EXERCISE BRIEF ▸ If pictures appear among the lines below, leave them out while you return exactly the lines from the one with "Sáng ngày 24/10/2025, Viện" through the one with "Get a free gift".

DATA FOR REVIEW ▸
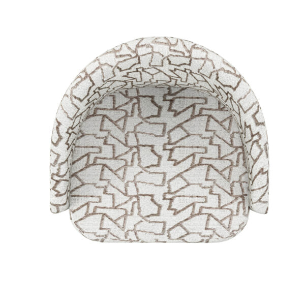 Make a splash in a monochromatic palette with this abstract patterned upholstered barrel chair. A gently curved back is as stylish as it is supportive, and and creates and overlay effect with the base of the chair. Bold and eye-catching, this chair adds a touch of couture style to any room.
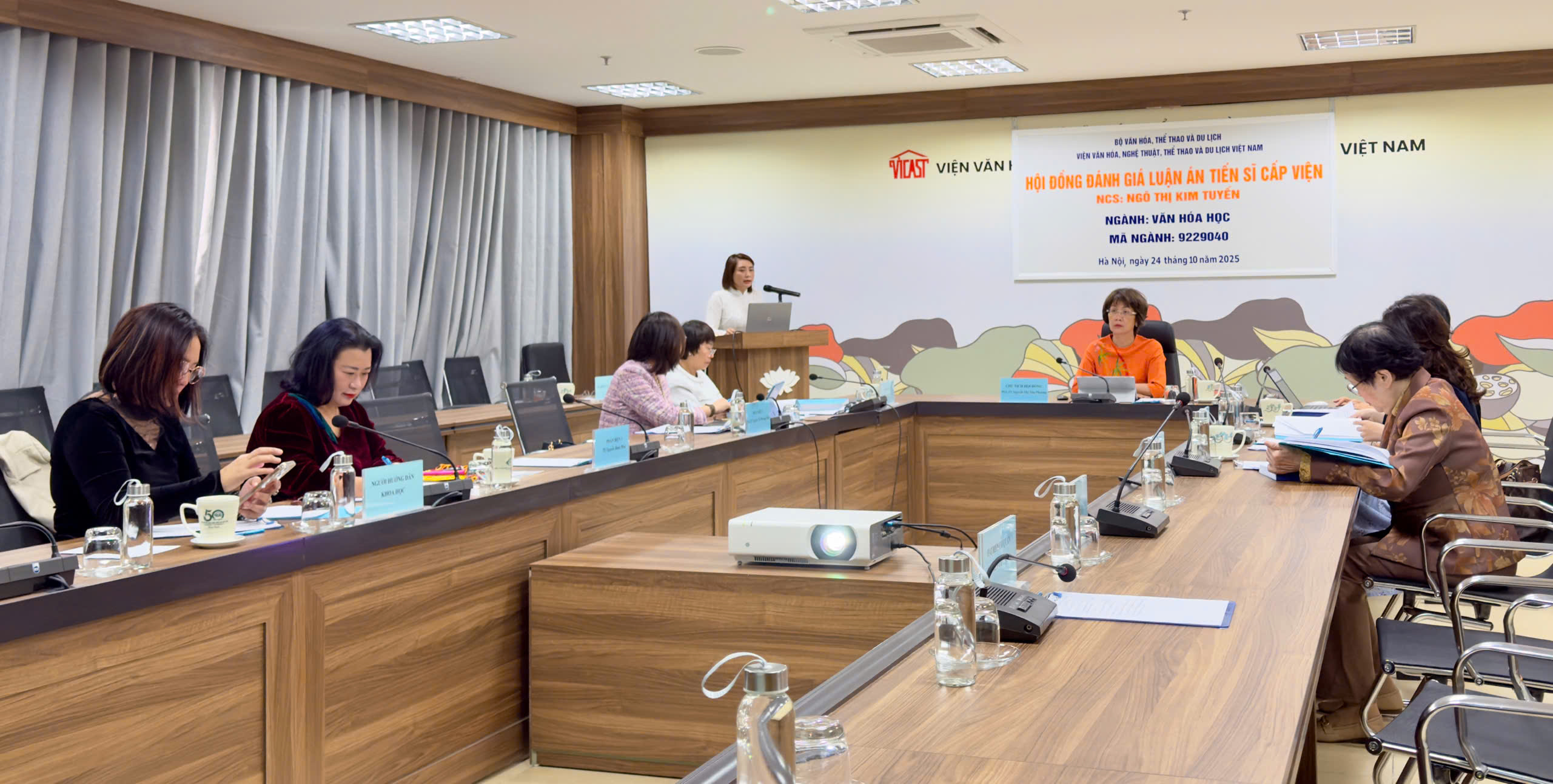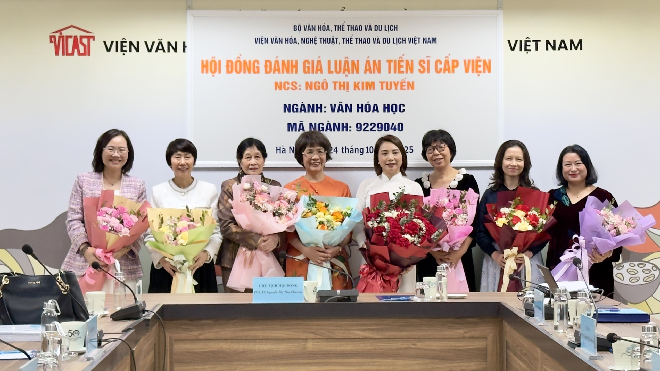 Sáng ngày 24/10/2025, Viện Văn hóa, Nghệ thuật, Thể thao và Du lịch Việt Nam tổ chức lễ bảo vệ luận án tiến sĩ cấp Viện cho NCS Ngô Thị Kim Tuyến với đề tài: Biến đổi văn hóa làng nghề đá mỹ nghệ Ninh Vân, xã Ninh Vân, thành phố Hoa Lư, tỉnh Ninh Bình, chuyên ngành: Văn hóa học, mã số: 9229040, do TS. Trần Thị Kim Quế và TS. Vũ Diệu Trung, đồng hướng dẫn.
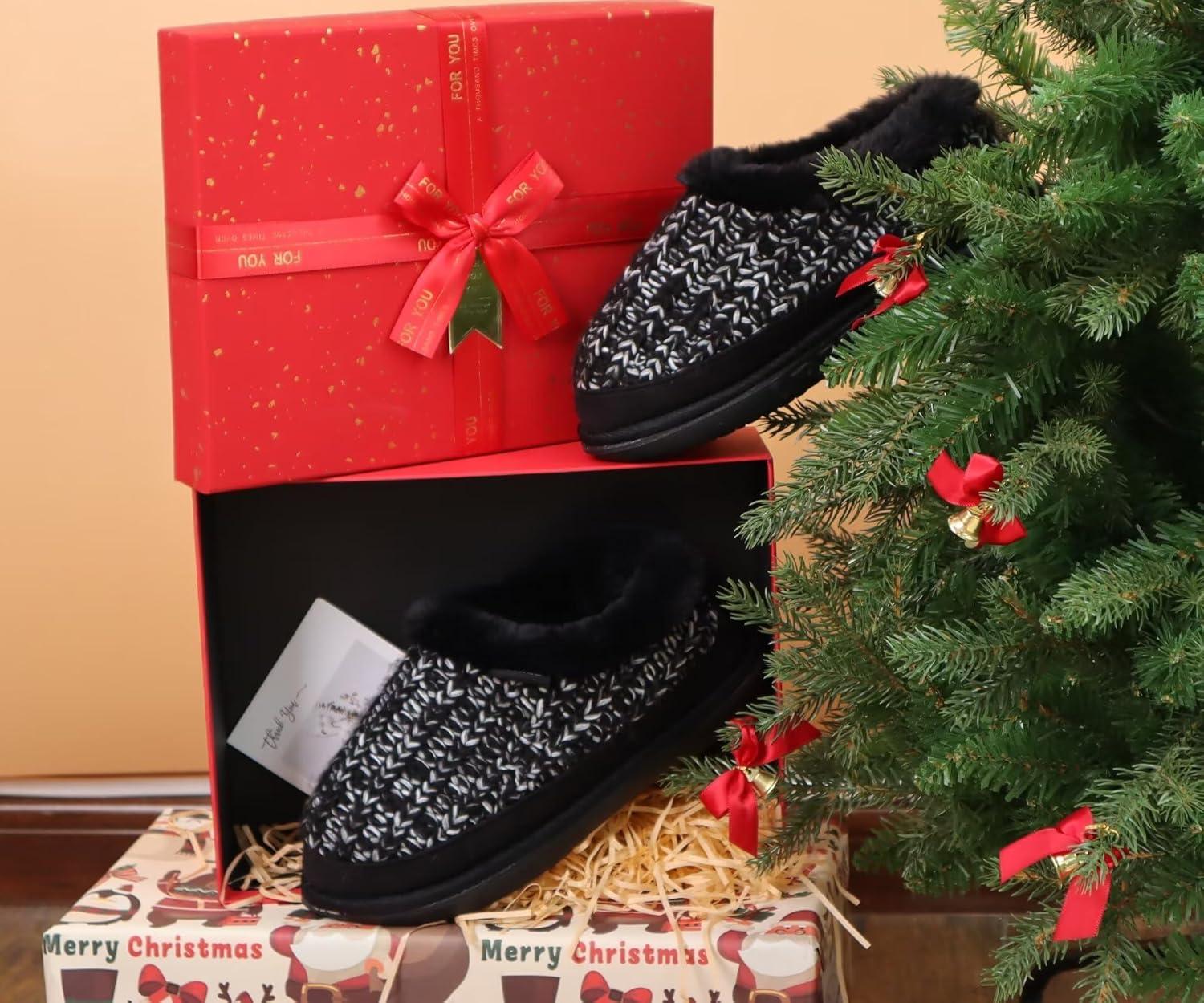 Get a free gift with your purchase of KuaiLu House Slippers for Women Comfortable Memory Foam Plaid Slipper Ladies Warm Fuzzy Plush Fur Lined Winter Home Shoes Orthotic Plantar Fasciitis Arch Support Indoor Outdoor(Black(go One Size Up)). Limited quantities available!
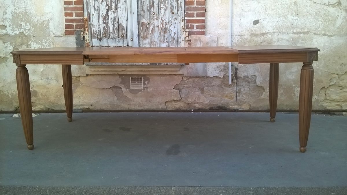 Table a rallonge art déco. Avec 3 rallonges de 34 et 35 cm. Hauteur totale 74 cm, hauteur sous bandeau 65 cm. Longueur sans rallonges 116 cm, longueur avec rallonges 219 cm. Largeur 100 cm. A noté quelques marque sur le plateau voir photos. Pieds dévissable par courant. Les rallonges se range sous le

--

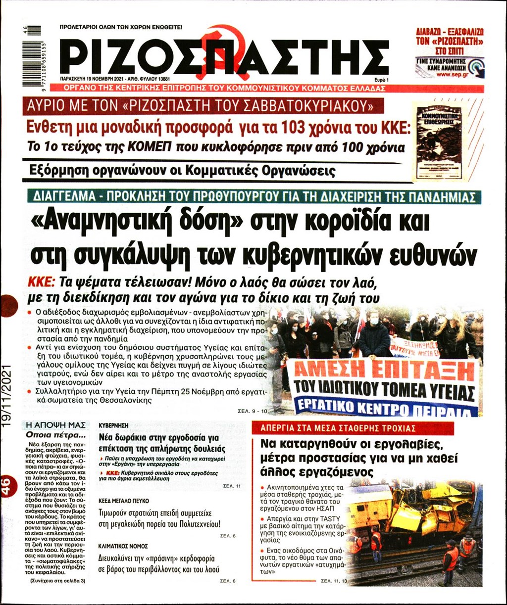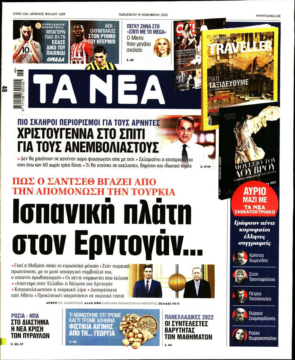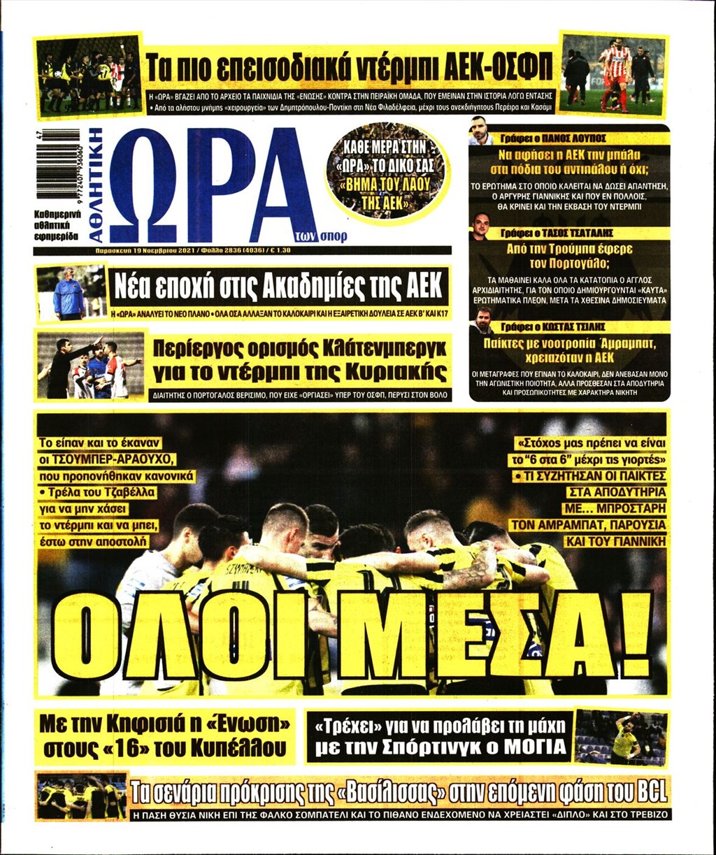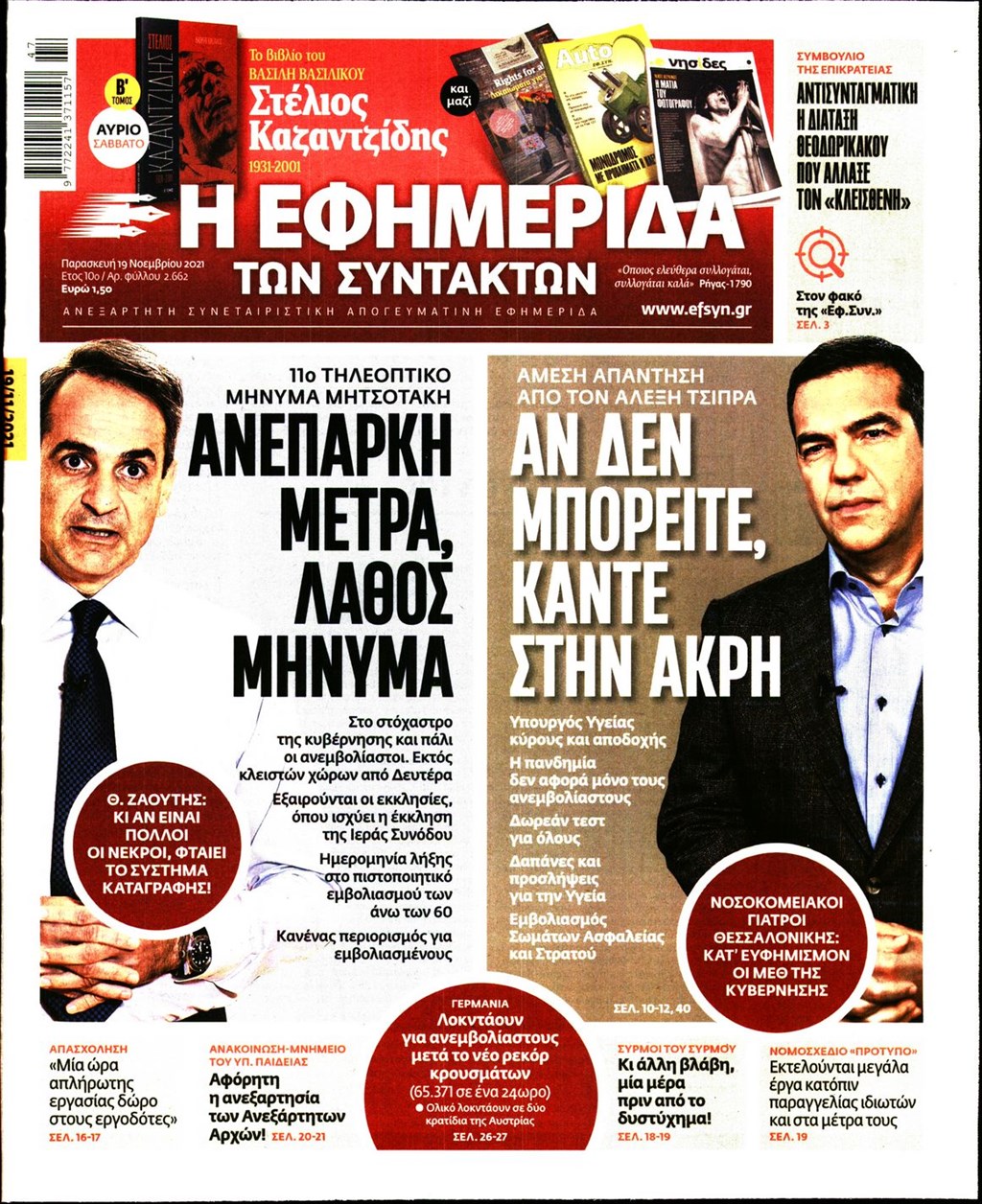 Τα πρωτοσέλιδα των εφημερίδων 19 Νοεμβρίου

==

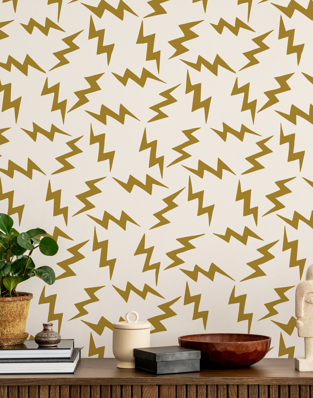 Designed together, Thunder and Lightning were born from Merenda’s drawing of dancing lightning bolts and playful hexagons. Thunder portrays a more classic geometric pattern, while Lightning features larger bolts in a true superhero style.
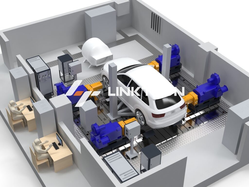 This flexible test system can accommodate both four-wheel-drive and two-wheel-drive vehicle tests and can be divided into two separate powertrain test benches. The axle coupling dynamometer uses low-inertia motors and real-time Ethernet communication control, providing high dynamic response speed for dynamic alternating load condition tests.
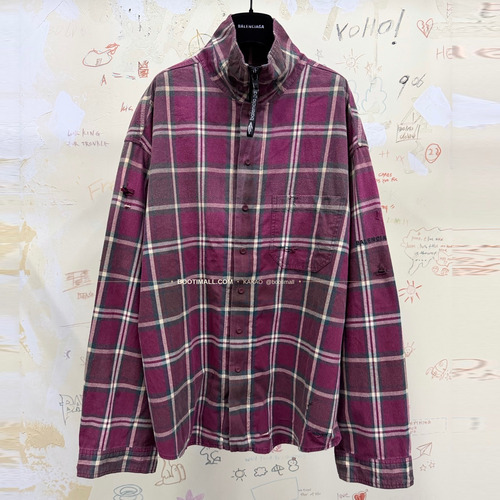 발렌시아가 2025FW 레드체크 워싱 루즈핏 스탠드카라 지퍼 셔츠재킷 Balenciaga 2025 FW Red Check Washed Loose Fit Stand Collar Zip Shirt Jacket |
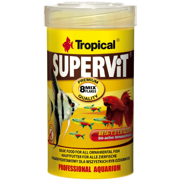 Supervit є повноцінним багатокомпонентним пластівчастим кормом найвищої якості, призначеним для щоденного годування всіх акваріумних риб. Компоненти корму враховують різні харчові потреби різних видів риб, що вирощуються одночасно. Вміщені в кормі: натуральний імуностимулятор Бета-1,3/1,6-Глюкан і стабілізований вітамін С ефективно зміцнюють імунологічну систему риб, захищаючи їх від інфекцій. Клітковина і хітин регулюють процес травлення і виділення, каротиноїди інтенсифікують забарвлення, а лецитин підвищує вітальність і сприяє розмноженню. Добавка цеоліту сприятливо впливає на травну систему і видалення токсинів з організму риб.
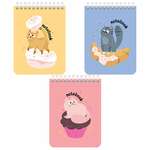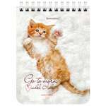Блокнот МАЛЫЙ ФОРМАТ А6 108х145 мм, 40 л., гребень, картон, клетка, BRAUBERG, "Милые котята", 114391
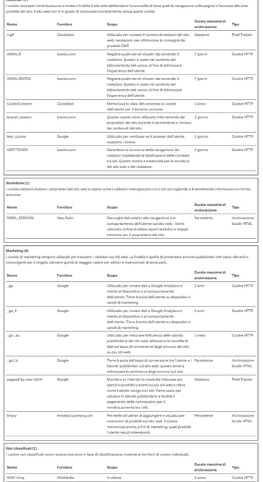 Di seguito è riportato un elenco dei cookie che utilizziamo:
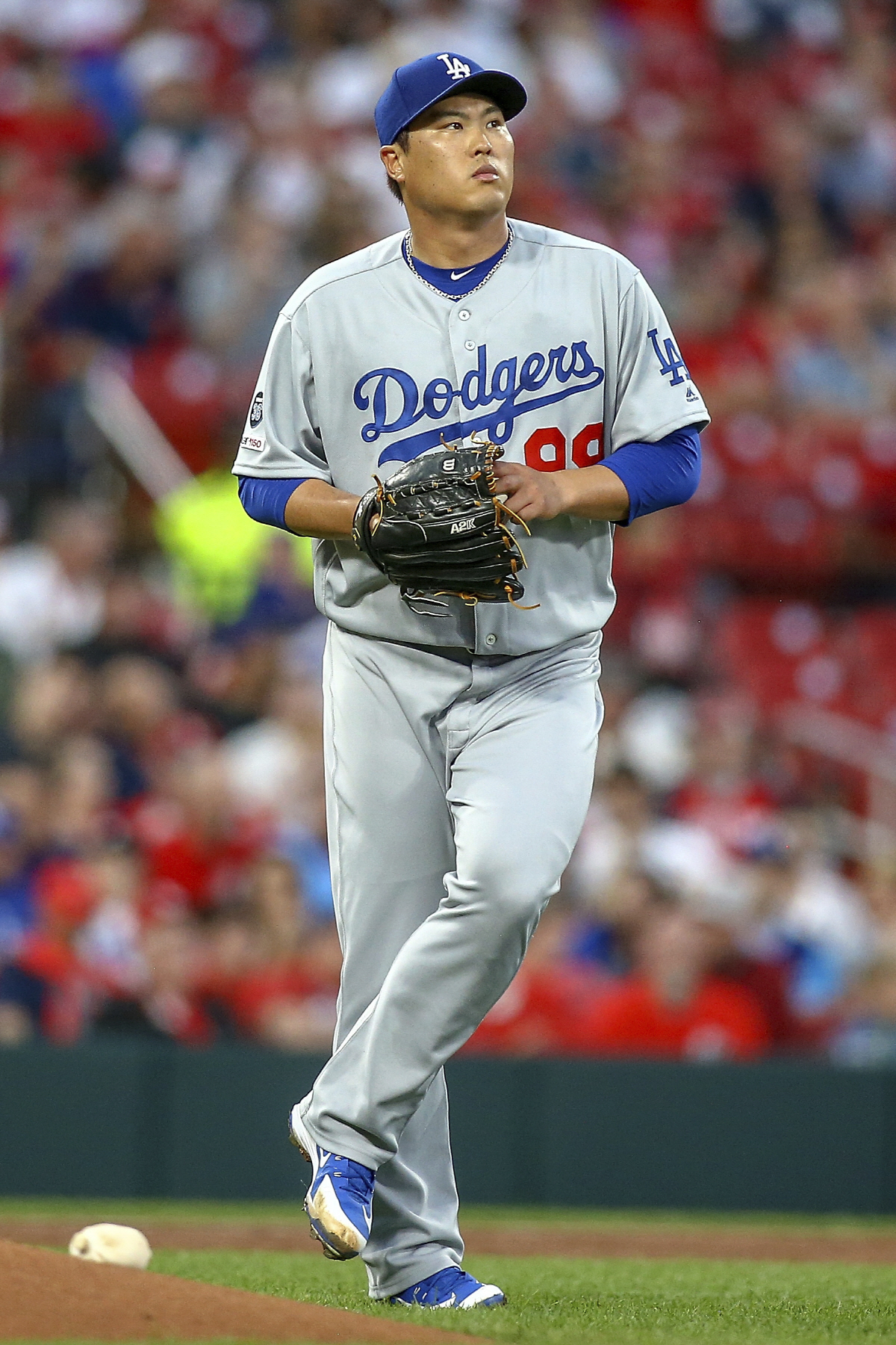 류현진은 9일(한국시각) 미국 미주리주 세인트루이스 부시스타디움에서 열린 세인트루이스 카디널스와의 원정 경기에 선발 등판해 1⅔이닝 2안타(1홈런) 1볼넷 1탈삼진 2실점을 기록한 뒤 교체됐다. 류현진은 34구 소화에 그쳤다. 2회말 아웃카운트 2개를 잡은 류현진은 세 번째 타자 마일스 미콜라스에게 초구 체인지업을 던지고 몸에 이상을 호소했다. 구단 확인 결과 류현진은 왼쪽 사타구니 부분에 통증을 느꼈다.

RESPONSE BELOW ▸
 Sáng ngày 24/10/2025, Viện Văn hóa, Nghệ thuật, Thể thao và Du lịch Việt Nam tổ chức lễ bảo vệ luận án tiến sĩ cấp Viện cho NCS Ngô Thị Kim Tuyến với đề tài: Biến đổi văn hóa làng nghề đá mỹ nghệ Ninh Vân, xã Ninh Vân, thành phố Hoa Lư, tỉnh Ninh Bình, chuyên ngành: Văn hóa học, mã số: 9229040, do TS. Trần Thị Kim Quế và TS. Vũ Diệu Trung, đồng hướng dẫn.
 Get a free gift with your purchase of KuaiLu House Slippers for Women Comfortable Memory Foam Plaid Slipper Ladies Warm Fuzzy Plush Fur Lined Winter Home Shoes Orthotic Plantar Fasciitis Arch Support Indoor Outdoor(Black(go One Size Up)). Limited quantities available!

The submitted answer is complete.